ABSTRACT

SCHOLARSHIP ON AMERICAN AUTOBIOGRAPHY DURING THE LAST FORTY YEARS IS itself a rags-to-riches narrative; interest in the subject has expanded rapidly since the early 1960s. The focus of the New Criticism on the formal analysis of poetry, drama, and the novel tended to push autobiography to the margins of literary studies, leaving it to biographers and historians.

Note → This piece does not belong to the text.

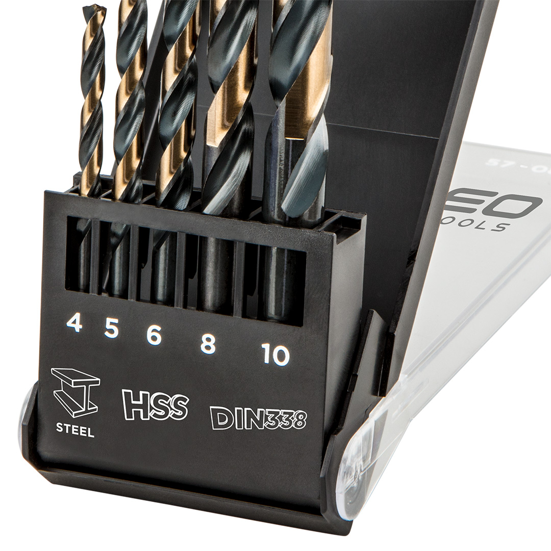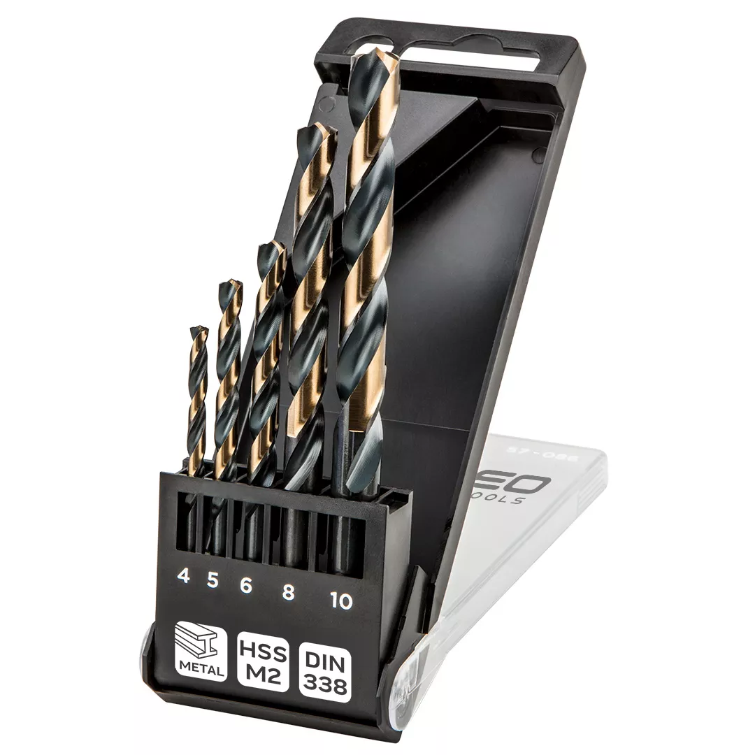 Wiertła do metalu HSS-CNC, średnice 4, 5, 6, 8, 10 mm, głęboko szlifowane, materiał wykonania stal M2, kąt wierzchołkowy 124°, korekcja ścinu E, DIN338, długość części roboczej 4: 43 mm, 5: 52 mm, 6: 57 mm, 8: 75 mm, 10: 87 mm, długość cakowita 4: 75 mm, 5: 86 mm, 6: 93 mm, 8: 117 mm, 10: 133 mm, maksymalna prędkość obrotowa 4: 1800 obr/min., 5: 1500 obr/min., 6: 1300 obr/min., 8: 1000 obr/min., 10: 800 obr/min., zestaw 5 sztuk

Stephen Shapiro was certainly over-stating the case in 1968 when he called autobiography a “Dark Continent,” for American autobiography had already begun to be mapped by two major bibliographies.2 Since the mid-1970s, however, autobiography in general and American autobiography in particular have become the subjects of intense scholarly activity.3 The notion of autobiography as a strict representation of biographical facts has all but disappeared, but the debate concerning the degree to which autobiography is distinct from fiction has continued in numerous books and essays.4 Many studies have related the theoretical concerns of autobiography more specifically to American literature and culture.5 Meanwhile, the efforts of scholars to recover and interpret representative texts by African Americans have contributed significantly to the renewed interest in first-person narratives as documentary evidence rather than as a species of fiction.6 More recently, comparable efforts to reconstruct the traditions of women’s autobiography have been undertaken successfully.7 Within little more than a quarter-century, then, autobiography has become one of the most active fields of literary theory and American cultural studies.